Risk & Compliance

MetLife Settles with Spitzer for $19 Million

The insurance giant ends its dispute with the outgoing attorney general just as he starts his new job as New York's governor.
Stephen TaubJanuary 2, 2007

MetLife has agreed to pay $19 million to settle allegations by outgoing Attorney General Eliot Spitzer that the insurance giant paid brokers who steered clients to purchase insurance from the company.

The largest life insurer in the United States also agreed to adopt a new compensation structure that eliminates the payment of contingent commissions to brokers on life, disability, and other group products, and will provide full disclosure of broker compensation to employers at every stage of the insurance purchasing and renewal process.

Of the payments, MetLife will provide restitution of $16.5 million to policyholders and pay civil penalties totaling $2.5 million.

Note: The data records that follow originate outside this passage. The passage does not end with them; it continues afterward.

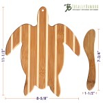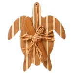 Make a splash with the Totally Bamboo Sea Turtle Charcuterie Board with Spreader Knife Gift Set! Shaped like a sea turtle and masterfully crafted from bamboo, this board offers a unique combination of fun and elegance. This charcuterie board set is a great way to serve guests crackers, cheeses, meats and other appetizers. The included bamboo spreading knife is ideal for spreading soft cheeses, dips and sauces onto crackers or bread. 11 1/2″ L x 8 5/8″ W x 1/2″ H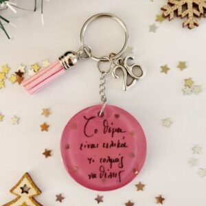 Μπρελόκ γούρι με μήνυμα, από υγρό γυαλί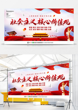 创意红色社会主义核心价值观党建展板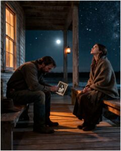 She followed him up the steps, across the porch, into warmth. The front room held a stone fireplace, a braided rug, furniture that looked hand-carved and cared for. It smelled like woodsmoke and coffee, like the sort of place where people belonged.

The settlement follows agreements between the New York attorney general and two other providers of group insurance, UnumProvident and Prudential.

Spitzer, who was sworn in as governor of New York on January 1, alleged that MetLife had instructed its sales personnel to “leverage” override agreements by informing brokers how close they were to meeting certain targets for business provided to MetLife. The targets would trigger additional compensation, Spitzer added.

MetLife was also accused of entering into particularly lucrative compensation agreements that awarded MetLife particular insurance contracts.

MetLife spokesman John Calagna told the Associated Press the company cooperated with Spitzer’s investigation and has already changed some of its business practices. “MetLife believes that resolving this matter is in the best interests of its shareholders, customers, and policyholders,” he said in a statement.